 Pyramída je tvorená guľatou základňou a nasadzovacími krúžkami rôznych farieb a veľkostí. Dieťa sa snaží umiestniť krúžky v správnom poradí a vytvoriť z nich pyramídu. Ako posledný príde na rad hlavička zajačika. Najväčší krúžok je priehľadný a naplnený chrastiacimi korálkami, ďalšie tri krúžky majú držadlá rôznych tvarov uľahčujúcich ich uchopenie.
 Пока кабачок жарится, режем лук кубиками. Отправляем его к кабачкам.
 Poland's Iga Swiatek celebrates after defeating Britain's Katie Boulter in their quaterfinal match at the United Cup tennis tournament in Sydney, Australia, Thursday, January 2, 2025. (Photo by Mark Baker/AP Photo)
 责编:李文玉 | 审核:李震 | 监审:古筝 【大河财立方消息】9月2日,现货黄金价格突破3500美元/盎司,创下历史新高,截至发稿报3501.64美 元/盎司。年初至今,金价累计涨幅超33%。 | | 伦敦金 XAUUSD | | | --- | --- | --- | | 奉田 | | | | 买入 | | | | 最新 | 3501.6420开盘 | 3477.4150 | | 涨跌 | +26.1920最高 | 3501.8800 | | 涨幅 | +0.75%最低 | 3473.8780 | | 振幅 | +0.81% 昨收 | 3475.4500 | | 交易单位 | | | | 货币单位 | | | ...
..............................
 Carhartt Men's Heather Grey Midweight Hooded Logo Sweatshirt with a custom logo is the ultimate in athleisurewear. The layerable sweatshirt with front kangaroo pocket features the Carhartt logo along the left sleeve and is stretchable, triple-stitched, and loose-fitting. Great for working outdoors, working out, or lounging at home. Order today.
..............................
### What you should do
Only one stretch of the data above is needed. Restate it word for word, from the line containing "Pyramída je tvorená" through the line containing "Пока кабачок жарится, режем", both ends included.

### Expected output
 Pyramída je tvorená guľatou základňou a nasadzovacími krúžkami rôznych farieb a veľkostí. Dieťa sa snaží umiestniť krúžky v správnom poradí a vytvoriť z nich pyramídu. Ako posledný príde na rad hlavička zajačika. Najväčší krúžok je priehľadný a naplnený chrastiacimi korálkami, ďalšie tri krúžky majú držadlá rôznych tvarov uľahčujúcich ich uchopenie.
 Пока кабачок жарится, режем лук кубиками. Отправляем его к кабачкам.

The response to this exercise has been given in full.